Demonstrators take part in a protest at the mausoleum of Mustafa Kemal Ataturk, founder of modern and secular Turkey, in Ankara yesterday. Thousands of anti-government protesters marched in the capital, calling on Prime Minister Recep Tayyip Erdogan to resign.

ANKARA (Reuters) – Thousands of anti-government protesters marched in Turkey’s capital yesterday, calling on Prime Minister Recep Tayyip Erdogan to resign for what they say are violations of the country’s secular principles. About 20,000 people waving red-and-white Turkish flags and carrying banners reading “Secular Turkey will stay secular” walked from the central square of Tandogan to the mausoleum of Mustafa Kemal Ataturk, founder of the modern Turkish Republic.

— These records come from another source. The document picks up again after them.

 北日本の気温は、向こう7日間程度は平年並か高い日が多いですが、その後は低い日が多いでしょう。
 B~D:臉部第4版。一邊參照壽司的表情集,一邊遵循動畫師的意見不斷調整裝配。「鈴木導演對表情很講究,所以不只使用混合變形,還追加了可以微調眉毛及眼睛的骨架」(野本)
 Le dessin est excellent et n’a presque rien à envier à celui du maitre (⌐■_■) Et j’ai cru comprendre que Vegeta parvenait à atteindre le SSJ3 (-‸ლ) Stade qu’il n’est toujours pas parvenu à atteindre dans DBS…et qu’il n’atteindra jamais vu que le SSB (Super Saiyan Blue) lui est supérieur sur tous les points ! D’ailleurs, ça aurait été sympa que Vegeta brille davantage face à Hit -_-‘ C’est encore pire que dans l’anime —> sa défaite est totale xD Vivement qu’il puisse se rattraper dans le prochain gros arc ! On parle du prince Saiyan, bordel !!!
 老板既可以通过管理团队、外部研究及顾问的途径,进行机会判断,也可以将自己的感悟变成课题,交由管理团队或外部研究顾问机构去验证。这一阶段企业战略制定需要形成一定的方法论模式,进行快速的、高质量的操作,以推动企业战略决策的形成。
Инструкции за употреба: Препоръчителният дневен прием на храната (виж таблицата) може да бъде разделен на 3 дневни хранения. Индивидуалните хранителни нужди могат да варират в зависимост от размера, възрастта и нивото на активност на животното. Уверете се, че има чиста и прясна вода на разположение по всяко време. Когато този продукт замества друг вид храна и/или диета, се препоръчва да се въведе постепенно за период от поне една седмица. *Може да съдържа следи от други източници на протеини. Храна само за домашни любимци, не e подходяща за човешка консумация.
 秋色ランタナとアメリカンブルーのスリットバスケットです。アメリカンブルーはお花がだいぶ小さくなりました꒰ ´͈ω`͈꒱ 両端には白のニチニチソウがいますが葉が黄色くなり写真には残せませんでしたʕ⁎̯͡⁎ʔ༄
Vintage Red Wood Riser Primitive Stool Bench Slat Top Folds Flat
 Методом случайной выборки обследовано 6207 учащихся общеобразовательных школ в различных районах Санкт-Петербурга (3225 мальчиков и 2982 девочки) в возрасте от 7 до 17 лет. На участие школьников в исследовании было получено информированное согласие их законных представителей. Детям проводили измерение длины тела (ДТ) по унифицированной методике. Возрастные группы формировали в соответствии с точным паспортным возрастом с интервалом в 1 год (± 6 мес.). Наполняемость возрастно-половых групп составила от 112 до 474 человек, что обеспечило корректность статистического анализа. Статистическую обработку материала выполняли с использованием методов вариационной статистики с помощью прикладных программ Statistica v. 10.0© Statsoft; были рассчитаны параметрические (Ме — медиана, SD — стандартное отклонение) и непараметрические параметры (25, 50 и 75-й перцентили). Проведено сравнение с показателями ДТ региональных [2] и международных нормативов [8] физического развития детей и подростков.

Demonstrators were also protesting the government’s handling of the economy as unemployment reaches a record high amid the global economic downturn. Some denounced the so-called Ergenekon probe into a suspected nationalist group accused of conspiring to topple Erdogan’s government.

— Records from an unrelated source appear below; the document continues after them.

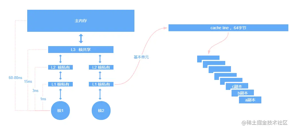 - 在抢占的时间片内,线程1执行过程中若需要访问共享变量,就会去高速缓存中查找,若缓存miss则从主内存(也有可能从其他核的L1L2中查找)加载(此处包含预加载,为什么要有预加载见局部性原理)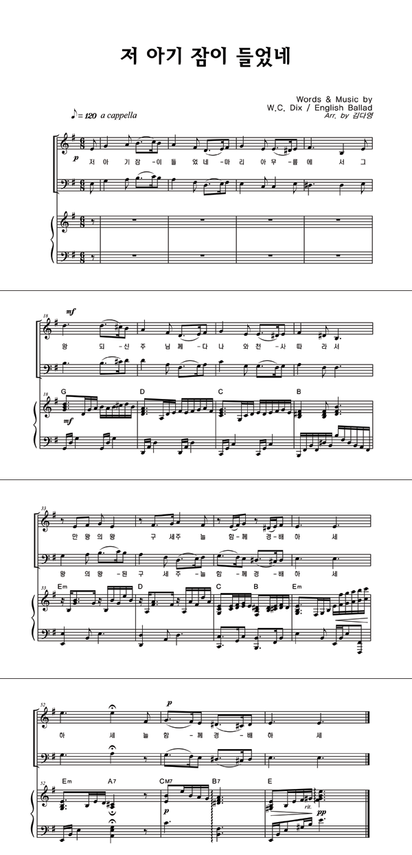 | 저 아기 잠이 들었네 (113장) | 성가 3부 + 피아노 반주 |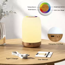 Transform your space with this LED Touch Table Lamp, featuring dimmable RGB colors, a wood-grain finish, and modern functionality. Perfect for bedrooms, kids’ rooms, or as a stylish decor accent, this lamp creates a soothing ambiance while offering practical features like a rechargeable battery, touch control, and a timer function. Its compact and elegant design makes it a versatile addition to any home or workspace.
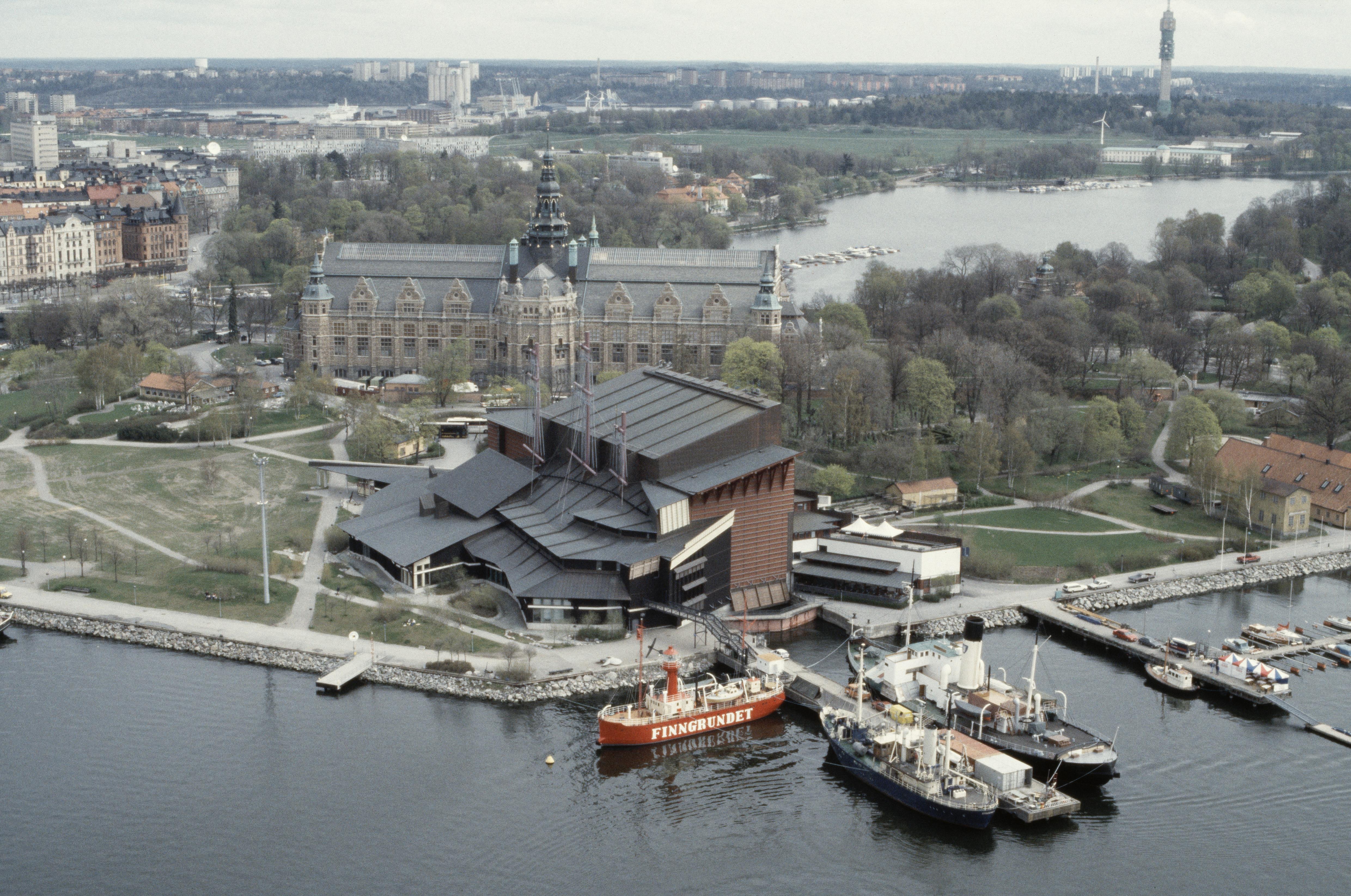 Vasamuseet vid Saltsjön i bildens nedre del. Vid bildens mitt Nordiska museet - statligt byggnadsminne RAÄnr Stockholm 89:1. I bildens övre del Östermalm med Strandvägen, Djurgårdsbrunnsviken, Norra Djurgården med Ladugårdsgärdet mot Norra Djurgården. Bilden är tagen mot (väderstreck): NO

Erdogan’s opponents have said he wants to make Turkey more overtly Islamic through incremental steps, like failed attempts to end a ban on the Islamic-style headscarf at universities. The ruling Justice and Development Party (AKP) narrowly escaped a ban last year on charges it was undermining Turkey’s secular constitution. “May the hand that touches the judiciary break,” some banners said at the march. The European Union has said Turkey must reform its national charter to guarantee human rights like freedom of religion and expression if it is to make progress in its membership bid.

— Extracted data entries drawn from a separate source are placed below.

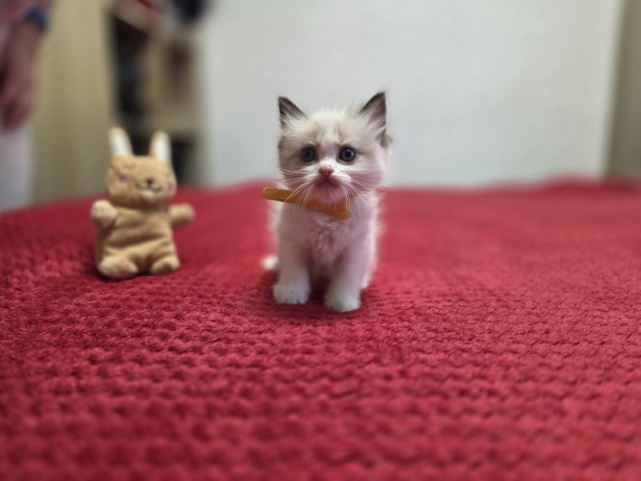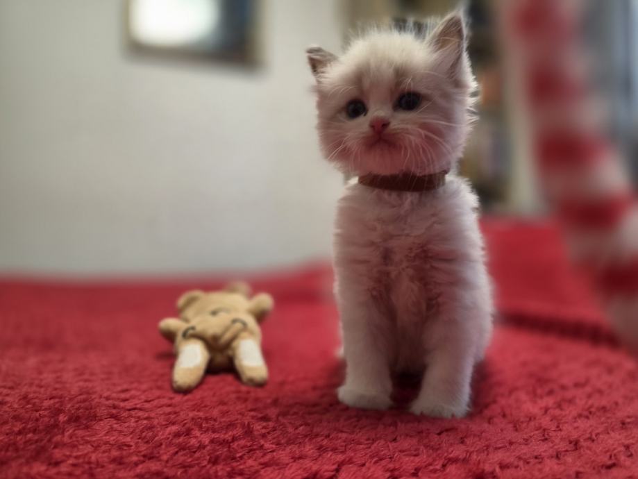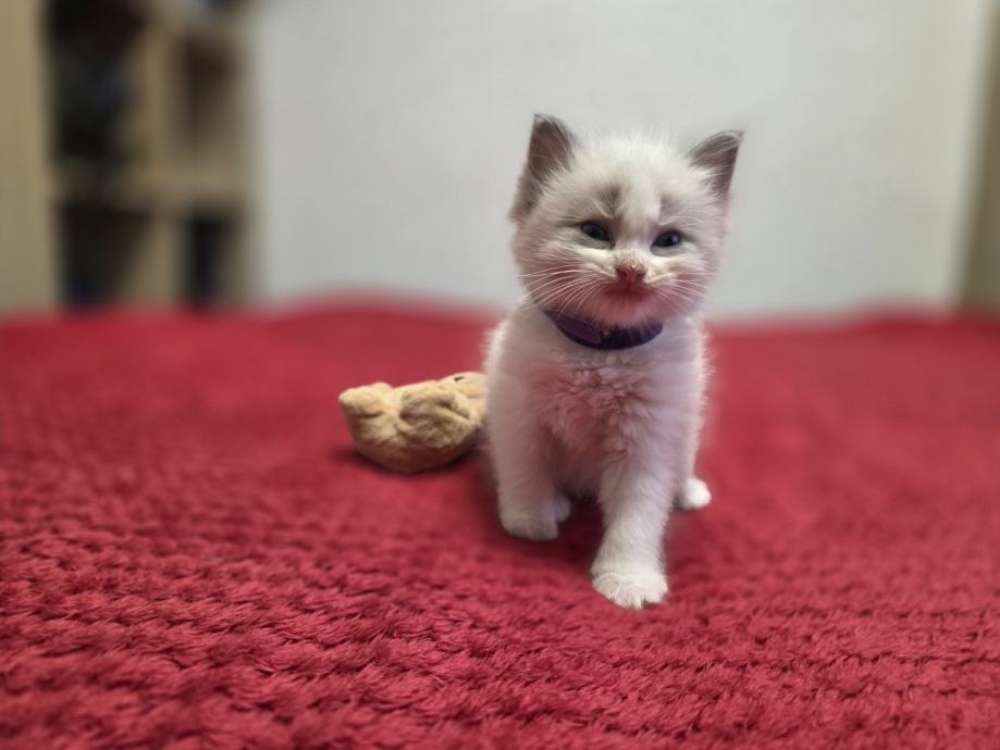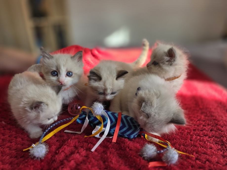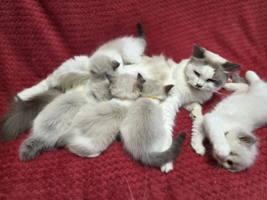 Prodajem Ragdoll mačiće, preslatka malena stvorenja koja odrastaju uz svoju majku. Mačići su bijelo-sive boje s karakterističnim Ragdoll markingama, mekanog i gustog krzna. Leglo broji više mačića različitih nijansi, od svjetlije do sivkaste boje.
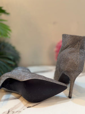 Silver shimmer leather heeled zipper ankle boot (Sacha essential)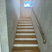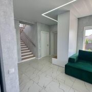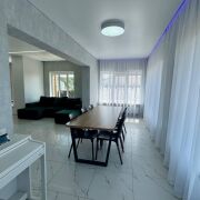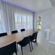 Общая площадь дома — 156,1 м2, жилая площадь 65,5 кв.м.,большая кухня-гостиная 47,5 м2, два санузла, удобная планировка, продуманные зоны хранения. На первом этаже — большие окна с видом на природу, тёплые полы по всей площади, стильная отделка. Монолитная лестница с дубовыми ступенями, современная кухня с техникой.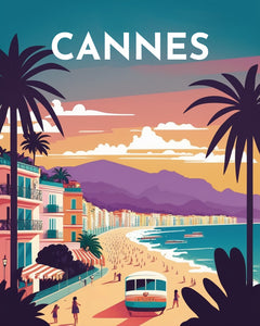 Diamond Painting - Póster de viaje atardecer en Miami 40x50cm con bastidor montado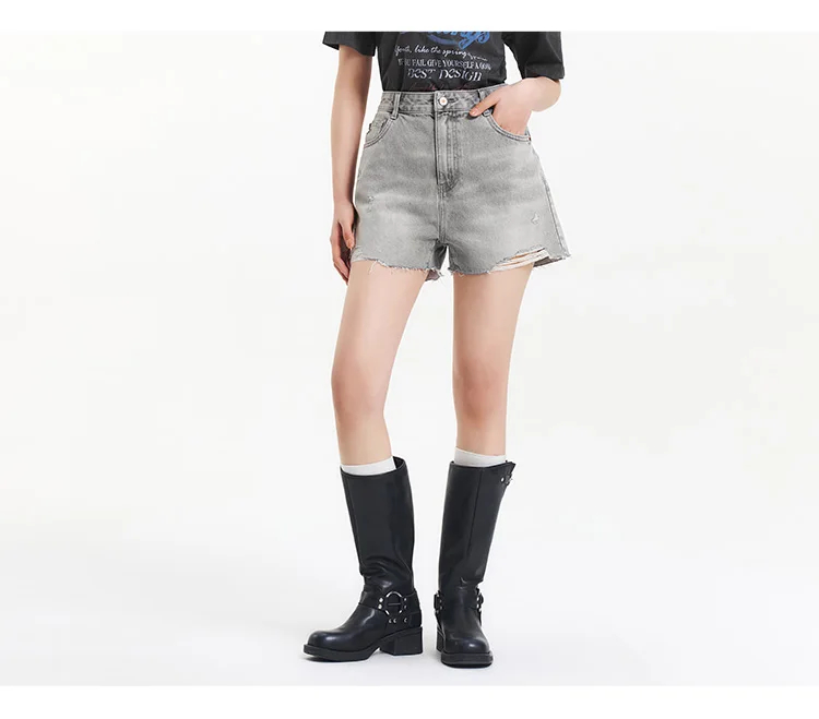 Trendy Distressed Detail: Featuring stylish distressed and frayed edges, these shorts add a trendy and edgy flair to your look, making them stand out with a sense of casual chic.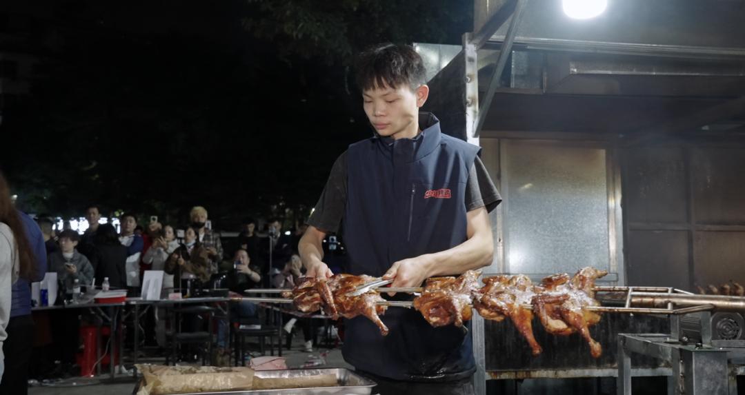一个探店博主,好像叫“dd今天吃啥”,是她先发现了小陈,拍了视频,然后体德校长李维刚,千万粉丝的大网红,也来凑热闹,这下彻底火了,一天一个样,小陈直接爆红,少年烤鸡,成了深圳一景,排队的人,那叫一个多,有人专门坐飞机过来吃,太夸张了。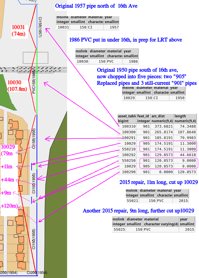 There are a total of seven "901" records, current pipes. The first two are an original CI put in 7 years later in 1957 (Calgary may have kind of ended at 16th avenue in 1950); and the 1986 PVC installed under 16th avenue so that we wouldn't have to worry about ever digging up the LRT.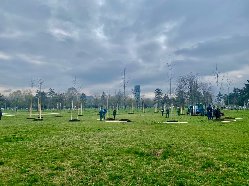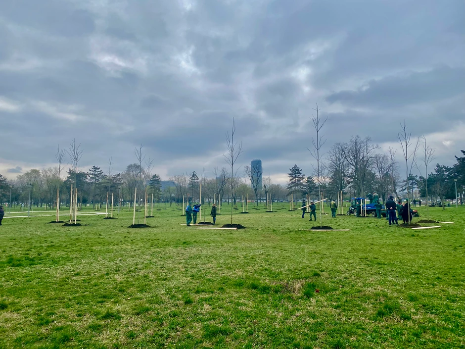 Sa vrlo posvećenim radnicima „Zelenila“ na Ušću, sadnji su prisustvovali i roditelji dece iz škole „Vladislav Ribnikar“.

The Ankara march was organized by the secularist Ataturk Thought Association, which has been implicated in the Ergenekon investigation.

Gul slams EU Turko-skeptics

ALEPPO (AFP) – Turkish President Abdullah Gul said yesterday that efforts by some European countries to block Ankara’s entry into the 27-member European Union were “unacceptable.” “There has been a unanimous decision [by the Europeans] to start negotiations with Turkey” on its accession to the European Union, Gul told reporters on the sidelines of an official trip to neighboring Syria.

“Any discussion on this is tantamount to violating the decisions taken by the EU and would mean that the decision to start negotiations with Turkey were not sincere, that the heads of state took a decision that did not reflect their intentions,” Gul said.

“It would be unacceptable,” Gul said, referring to France and Germany.

French President Nicolas Sarkozy and German Chancellor Angela Merkel have both recently reiterated their opposition to Turkey’s EU membership and suggested a special status for the Muslim-majority but secular country.

Sarkozy has also said that Ankara did not have the “vocation” needed to join the European bloc and that Europe must have “frontiers.” Turkey began membership talks in 2005, but has so far opened negotiations on only 10 of the 35 policy areas that candidates must complete.